ГЛАВА 3 Краски восхода

Временами он мог позабыть все, принявшись за кисть, и отрывался от нее не иначе, как от прекрасного прерванного сна. Вкус его развивался заметно.

Н. Гоголь

За час до утренней побудки в лагере хватились, что Коли Дмитриева нет. Койка его была прибрана, но сам он исчез. Это было очень странно. Все всполошились. За десять дней пребывания в школьном лагере близ села Подмоклово на Оке все привыкли считать Колю мальчиком дисциплинированным и аккуратным. Вечером накануне он был на линейке со всеми, потом отправился на общее мытье ног, лег вовремя, был на месте во время ночного обхода дежурного по лагерю. А сейчас словно сквозь землю провалился…

Куда мог деться такой старательный, никогда не позволяющий себе дурных выходок мальчик, о необычайном трудолюбии которого среди «шпротов», как называли старшеклассники младших обитателей лагеря Художественной школы, ходили уже легенды! «В первом-то классе Дмитриев с утра до ночи только и знает, что пишет и пишет. Прямо ненормальный какой-то…»

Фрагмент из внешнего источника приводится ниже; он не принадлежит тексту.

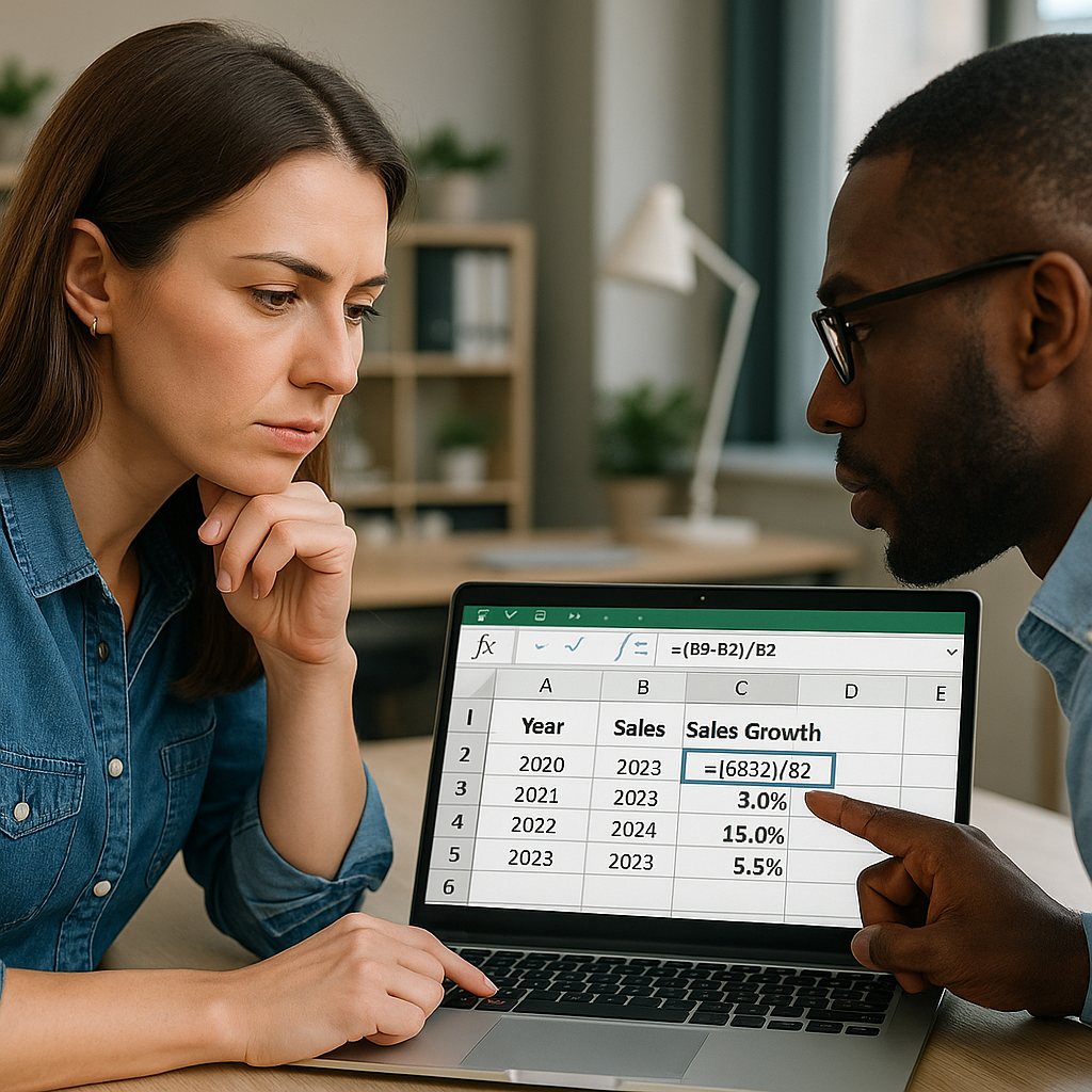 Instead, why not use the Excel formula for percent increase? It helps you instantly see the percentage increase/difference between two numbers, without having to do the math by hand.

Первые дни Коля ходил в майке, сильно обжегся на солнце, и все его дразнили: «Сгорел на работе». Куда же он пропал сегодня?

Сергей Павлович немедленно организовал поиски. Несколько групп школьников, которые тут же не без удовольствия назвали себя «поисковыми партиями», вышли за пределы лагеря. Мальчишки были очень довольны этим неожиданным развлечением, а девочки, и прежде всего, конечно, Юля Маковкина, волновались и строили всякие страшные предположения. Выйдя из лагеря, миновав холм с березовой рощей и приблизившись к лесу, все стали кричать: «Коля-а-а-а! Дми-три-ев! Ау-у!»

— В чем де-ло-о? — послышалось вдруг позади искавших.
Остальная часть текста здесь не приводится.